SOURCE DATA:
══════════════════════════════
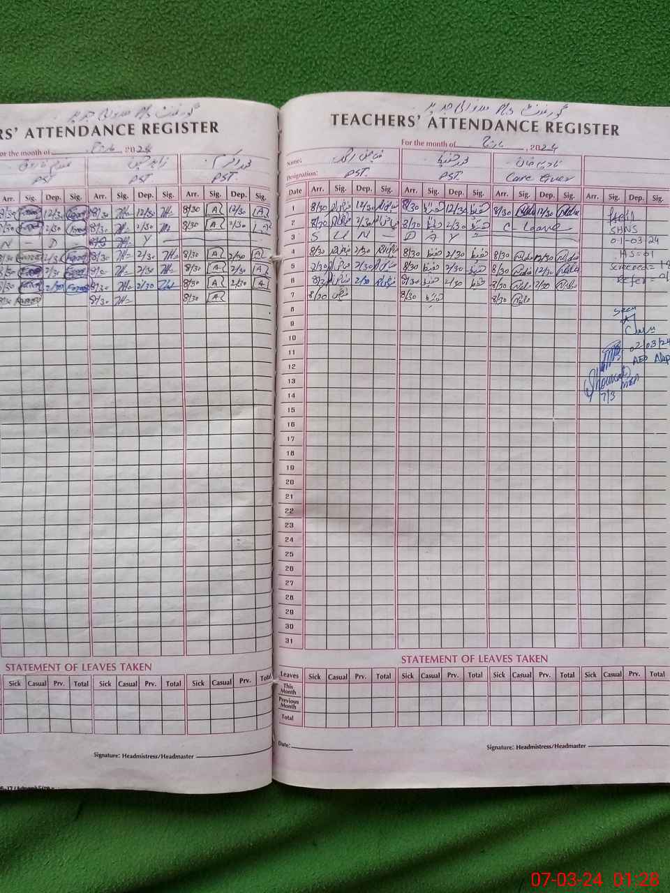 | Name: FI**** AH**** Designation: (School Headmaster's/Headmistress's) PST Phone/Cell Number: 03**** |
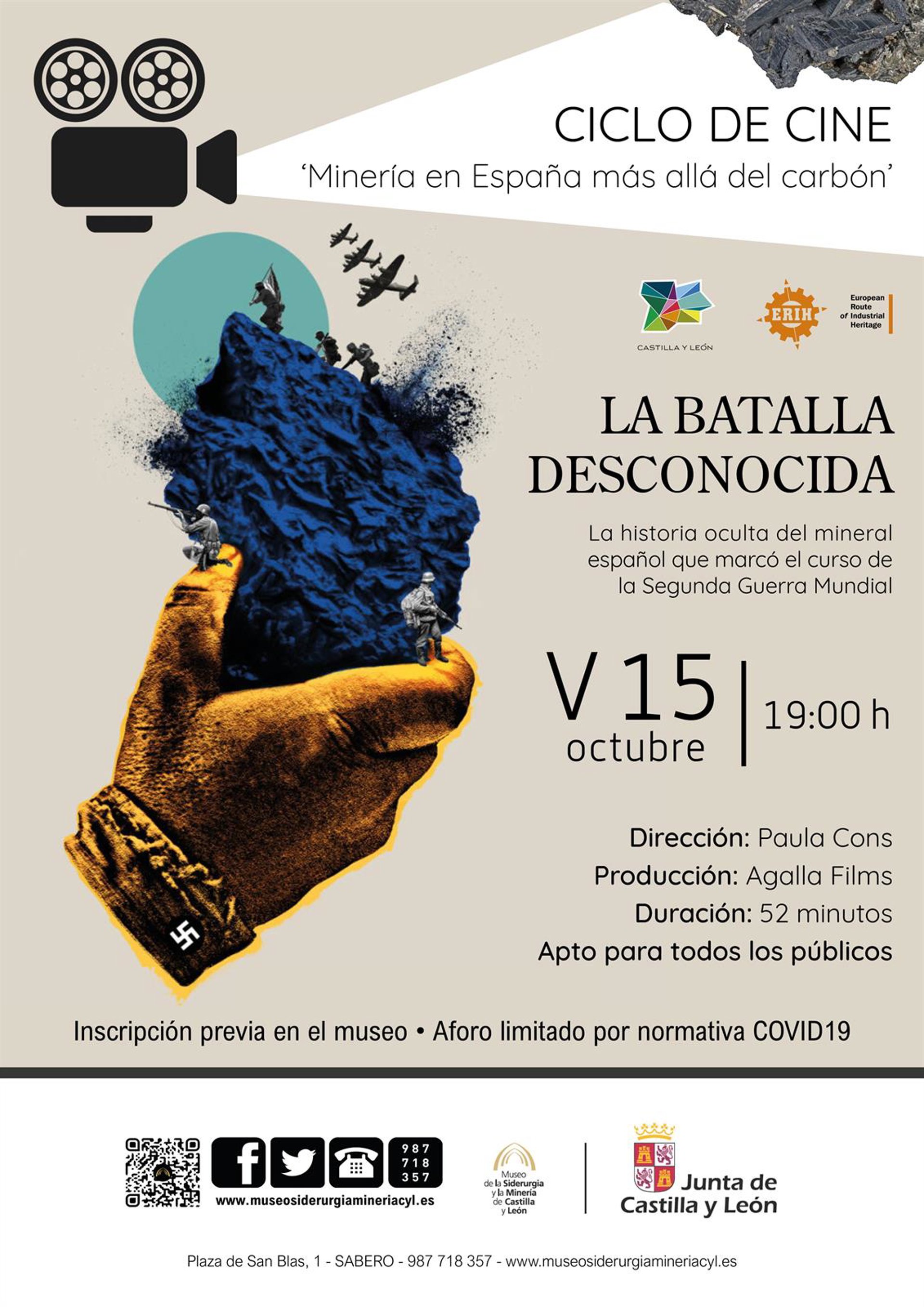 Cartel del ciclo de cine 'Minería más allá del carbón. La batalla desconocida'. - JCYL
══════════════════════════════
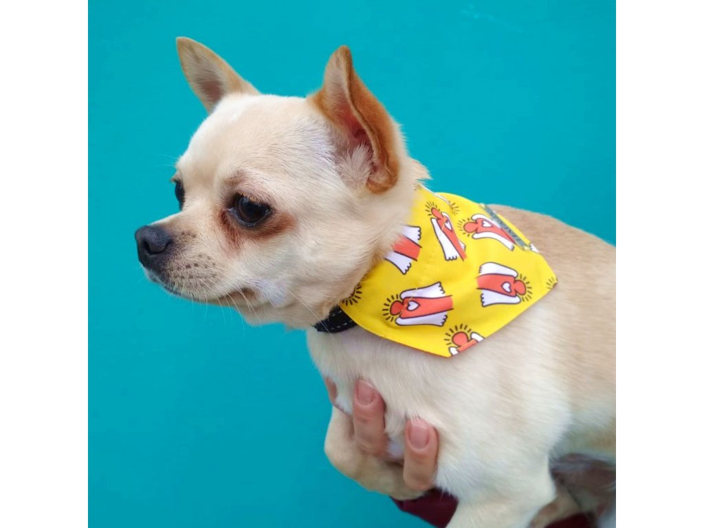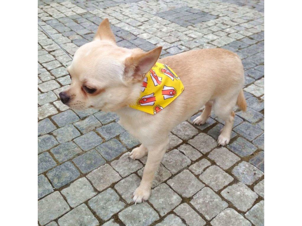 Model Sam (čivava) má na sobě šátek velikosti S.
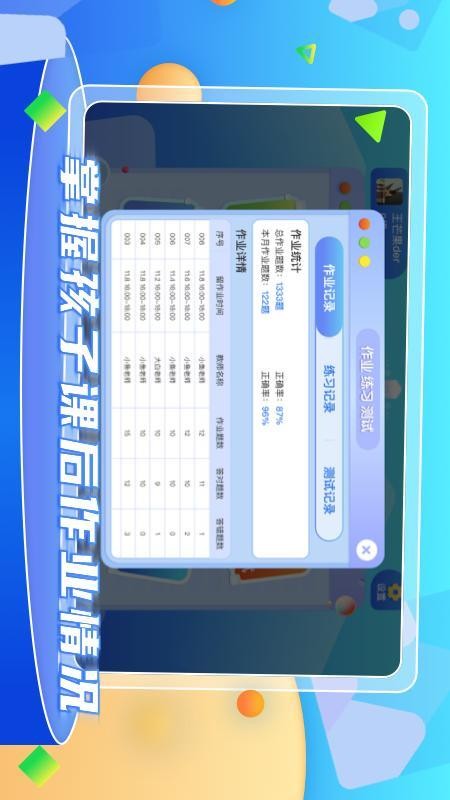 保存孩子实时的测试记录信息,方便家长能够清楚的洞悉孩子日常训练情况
══════════════════════════════
WHAT YOU SHOULD DO: The lines above from the line with "Model Sam (čivava)" through the line with "保存孩子实时的测试记录信息,方便家长能够清楚的洞悉孩子日常训练情况" are to be given again word for word, with no pictures among them.

ANSWER SPACE:
 Model Sam (čivava) má na sobě šátek velikosti S.
 保存孩子实时的测试记录信息,方便家长能够清楚的洞悉孩子日常训练情况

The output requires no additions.